◆ INFORMATION SUPPLIED ◆
======
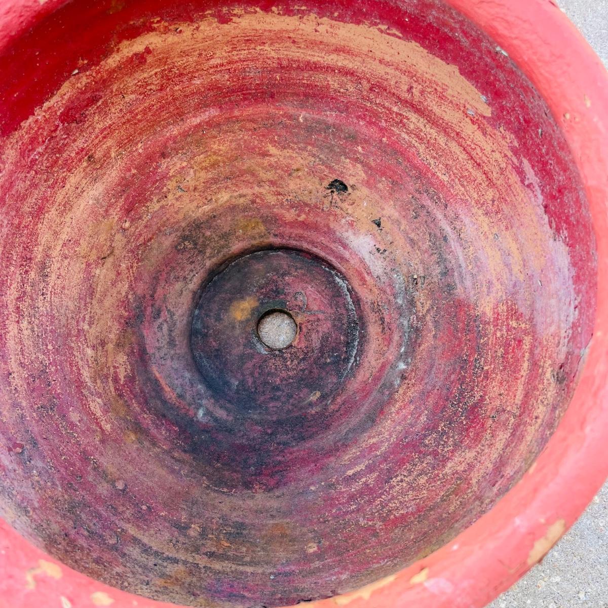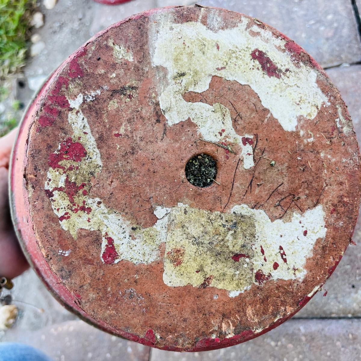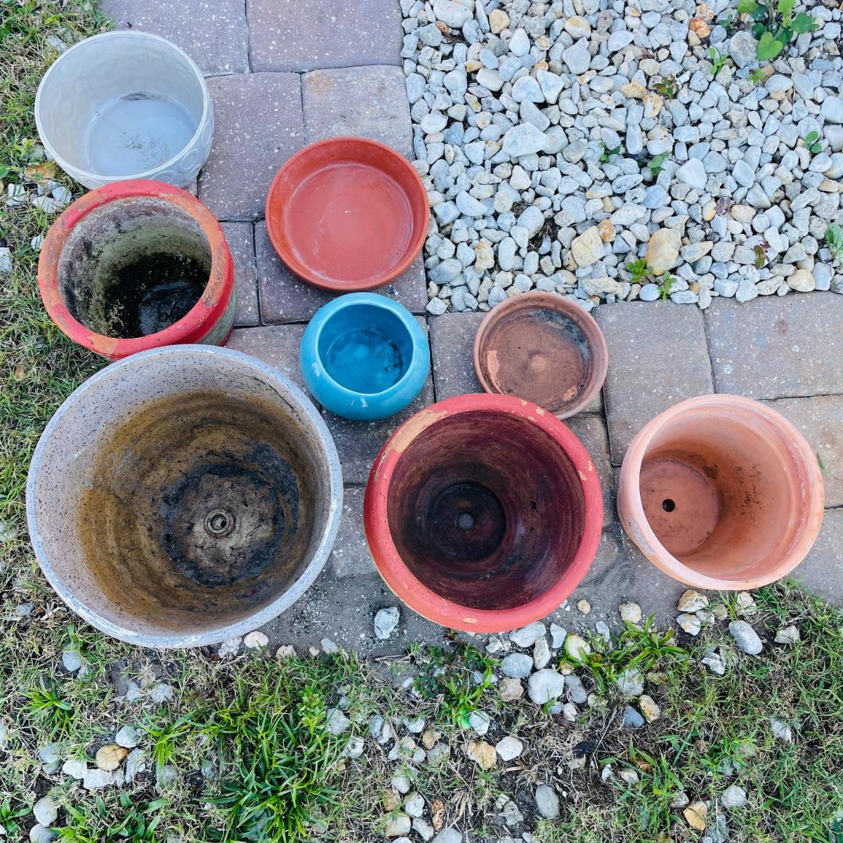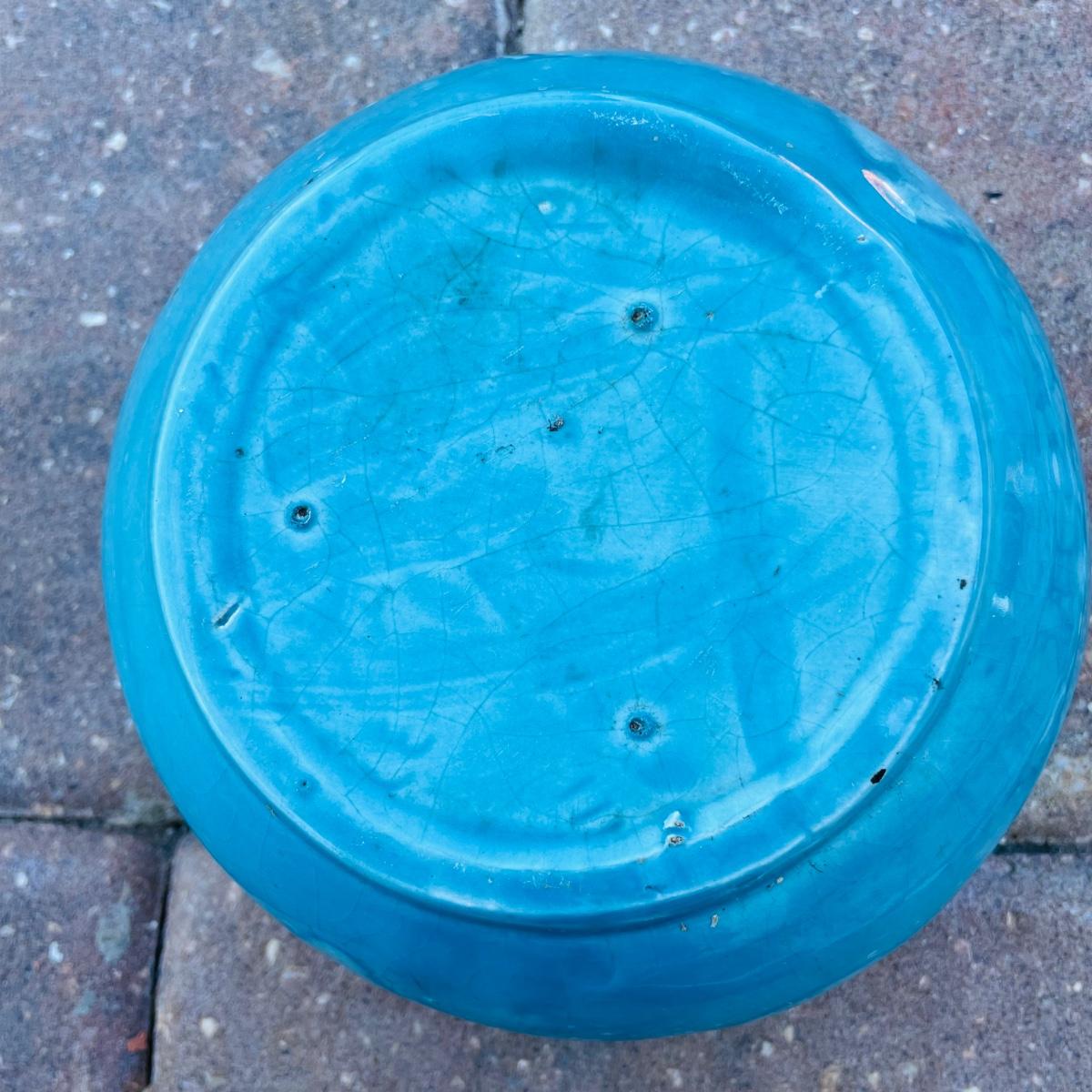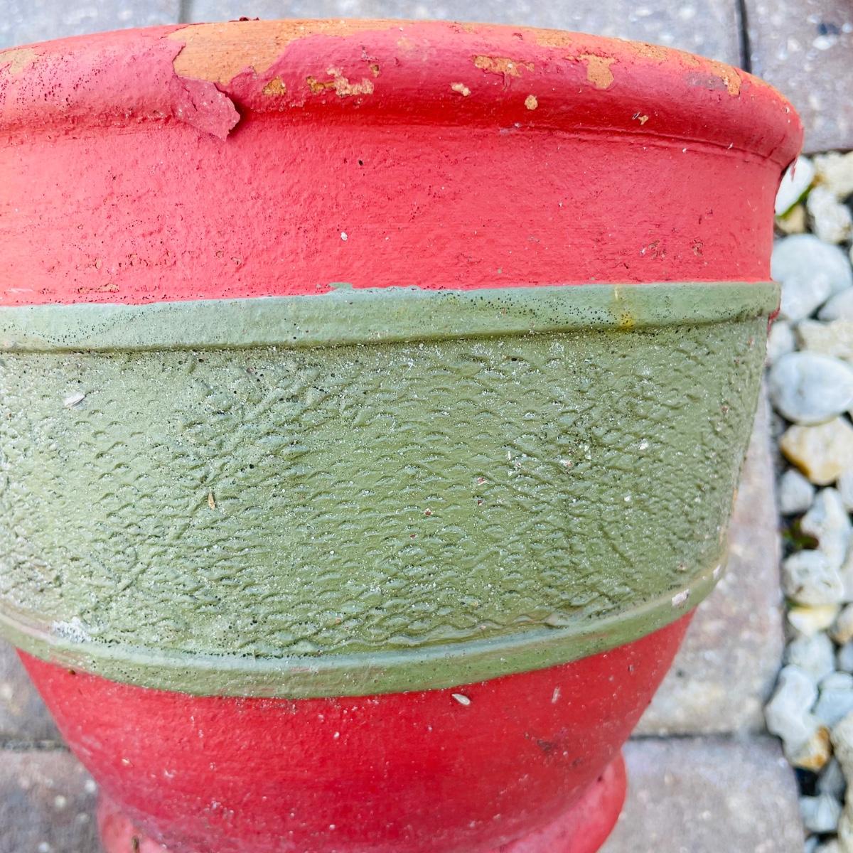 Lot includes an assortment of 6 flower pots. 3 terra cotta pots. One with a floral relief pattern, 2 painted pots. One red and green, one red yellow and green, some chipped paint from natural weathering. 2 clay pots. One blue crackle finish, and one gray finish with a circle relief pattern. One resin flower pot with a red and green finish. Largest flower pot is 12” opening, 10.5” H with a 7” bottom. The smallest opening 4.5” opening and 4.5” H. The drain trays are 8.5” round and 7” round.
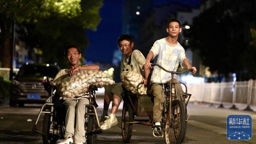 三名先本性脑瘫患者正在前去出摊卖大蒜的上。记者 杨文斌 摄
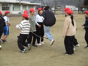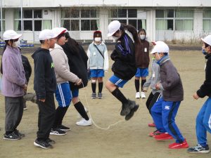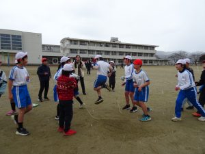 あいにく雪が降る天候となりましたが、どのチームも縄を回す子も跳ぶ子も、精一杯一定のリズムで回し、一定の速さで跳び続けました。見ている学年から「がんばれ!がんばれ!」
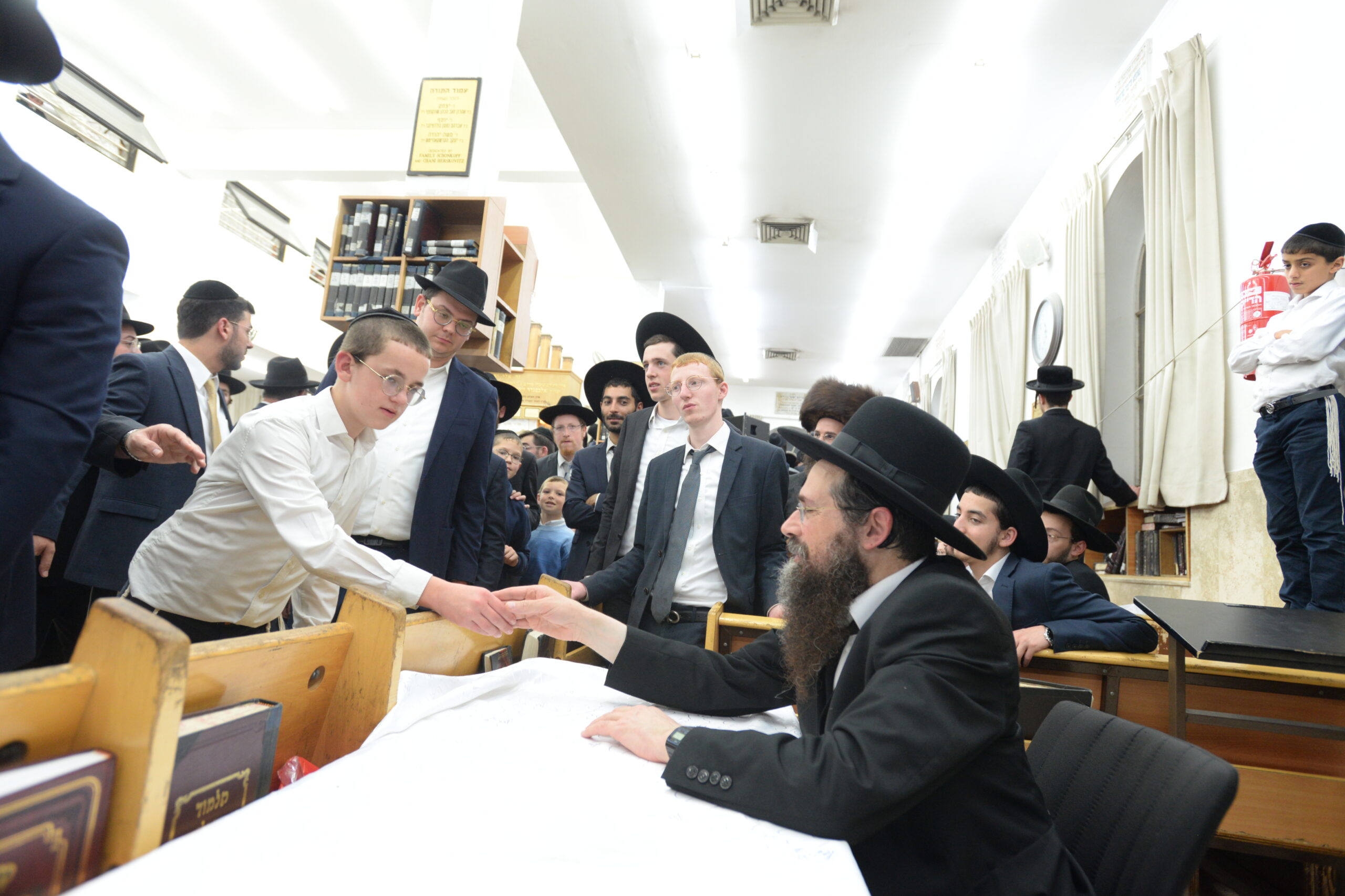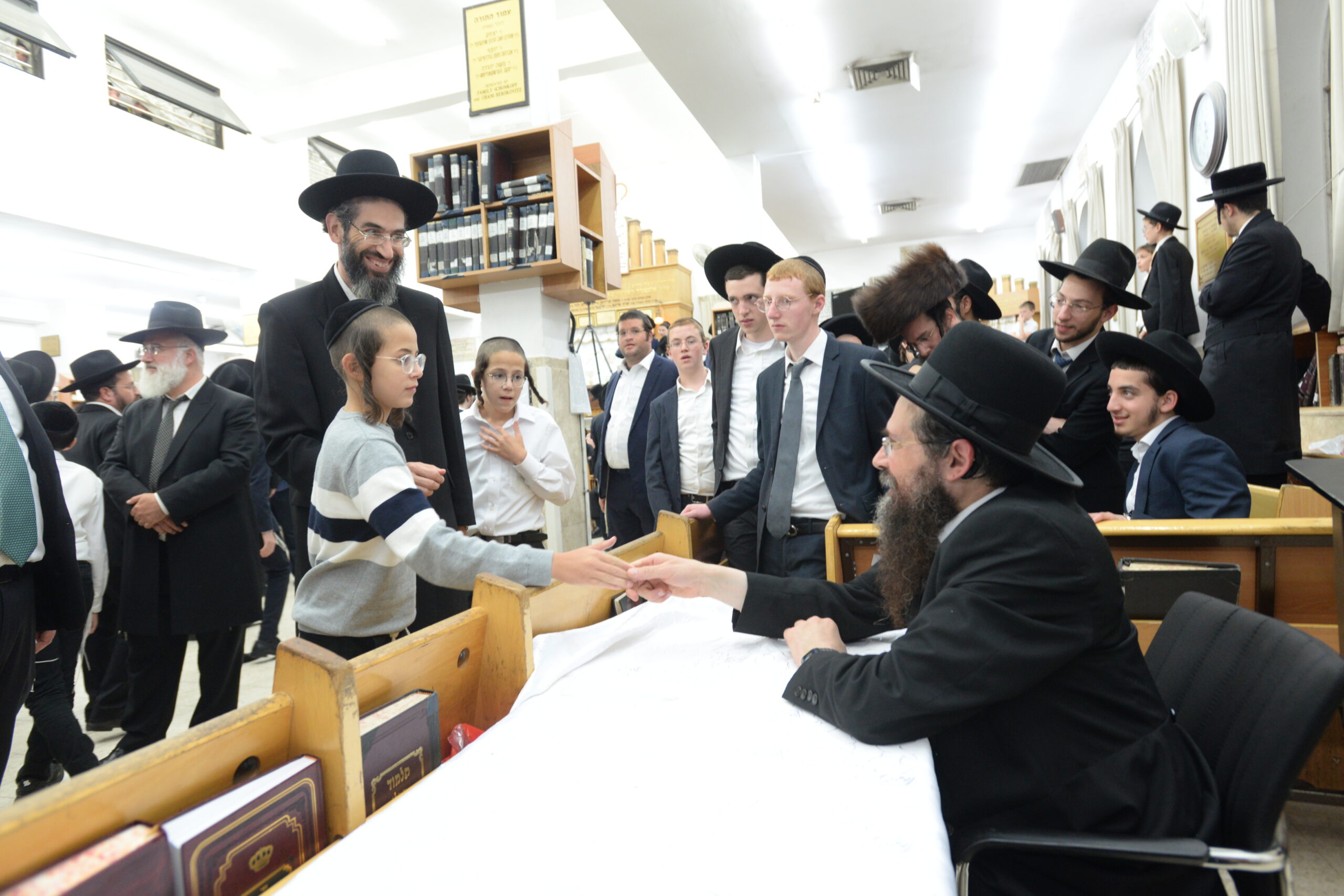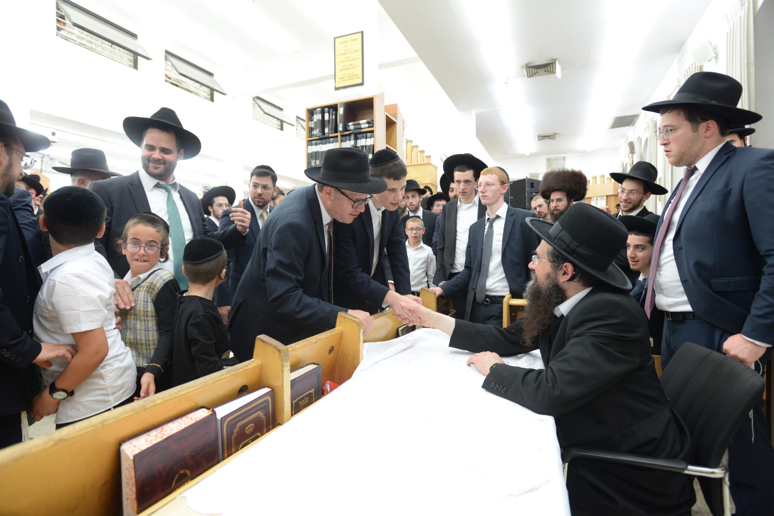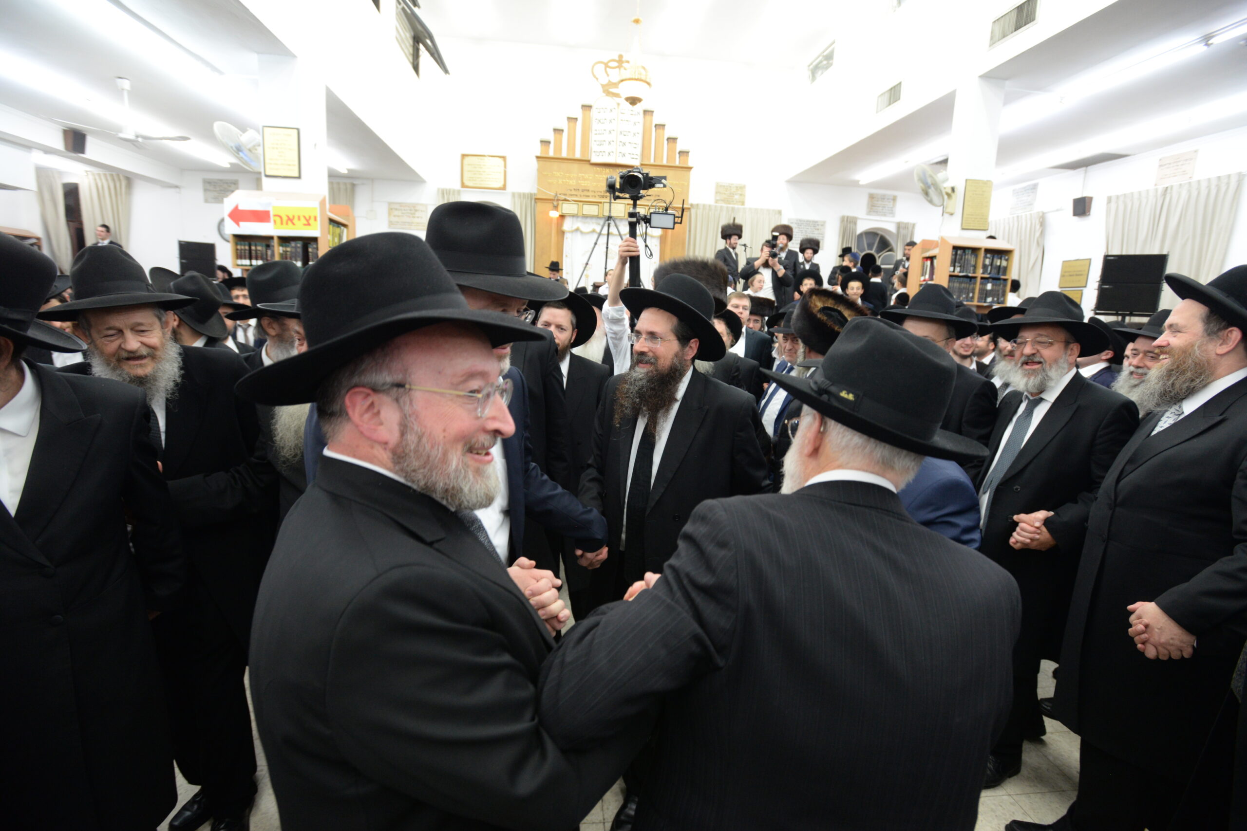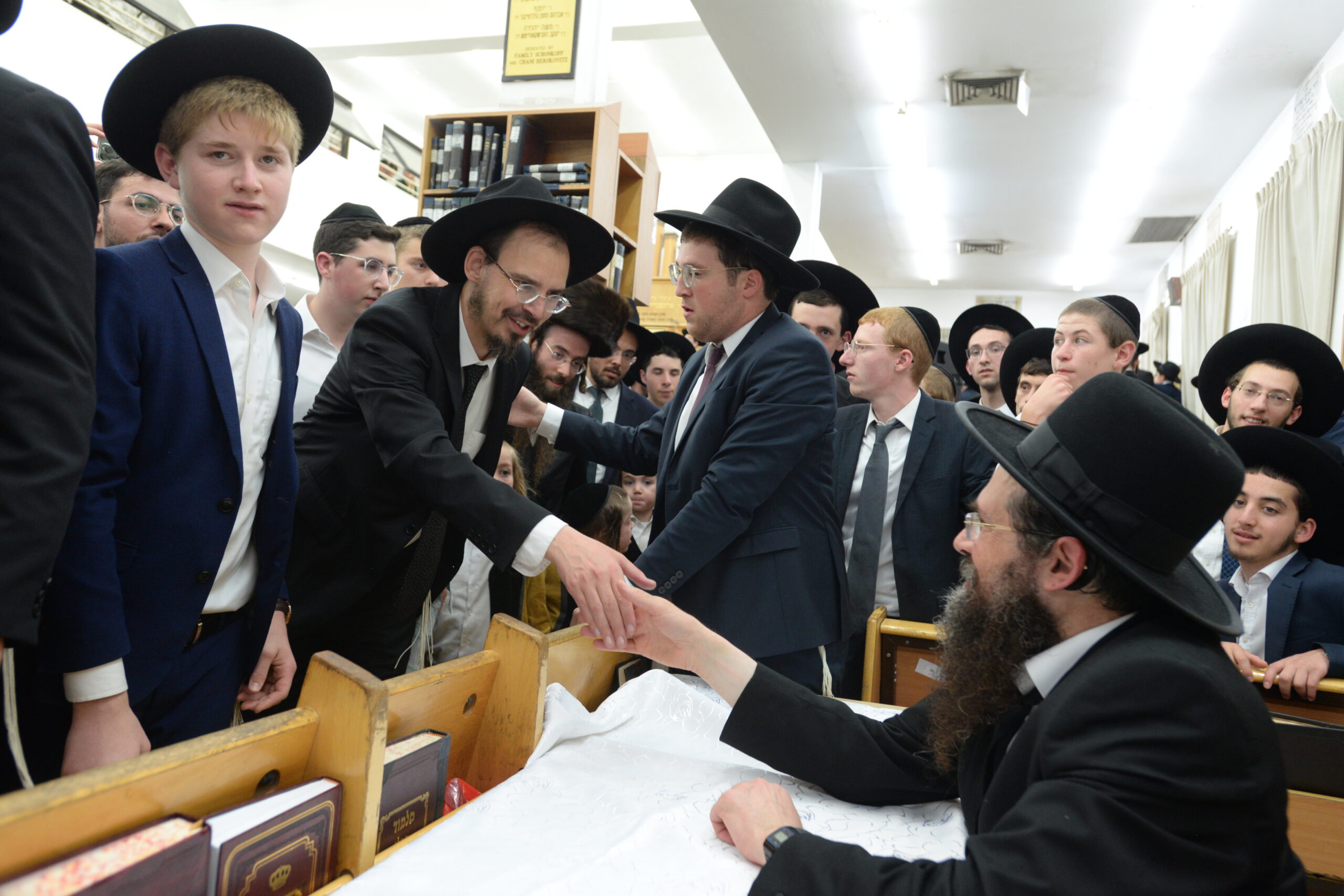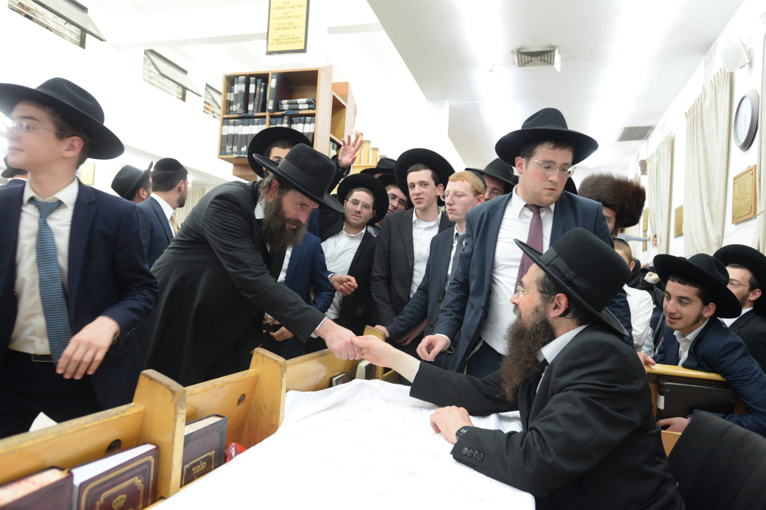 The Yeshiva’s Simchas Beis Hashoeva was held on Thursday, the second night of Chol Hamoed, beginning with music and dancing in the Mercazi Bais Medrash at 9:20. When the Roshei Yeshiva walked in about twenty minutes later, the olam broke out in tremendous excitement as they danced with their Rabbeim for several hours. Many visiting guests joined as well, taking the opportunity to wish the Roshei Yeshiva a Gut Yom Tov. All in all, there were around 9,000 people coming by throughout the night. The highlight of the event, as usual, was the kumzitz with inspiring songs of Yamim Noraim and Geulah at the end of the night, culminating in Leshana Haba’ah Bi’Yerushalayim.
======
◆ WHAT THIS TASK INVOLVES ◆
Only exact copies are wanted here. Write out the lines from the one containing "あいにく雪が降る天候となりま" through the end of the material and no others, omitting all pictures.

◆ SOLUTION FOR THIS TASK ◆
 あいにく雪が降る天候となりましたが、どのチームも縄を回す子も跳ぶ子も、精一杯一定のリズムで回し、一定の速さで跳び続けました。見ている学年から「がんばれ!がんばれ!」
 The Yeshiva’s Simchas Beis Hashoeva was held on Thursday, the second night of Chol Hamoed, beginning with music and dancing in the Mercazi Bais Medrash at 9:20. When the Roshei Yeshiva walked in about twenty minutes later, the olam broke out in tremendous excitement as they danced with their Rabbeim for several hours. Many visiting guests joined as well, taking the opportunity to wish the Roshei Yeshiva a Gut Yom Tov. All in all, there were around 9,000 people coming by throughout the night. The highlight of the event, as usual, was the kumzitz with inspiring songs of Yamim Noraim and Geulah at the end of the night, culminating in Leshana Haba’ah Bi’Yerushalayim.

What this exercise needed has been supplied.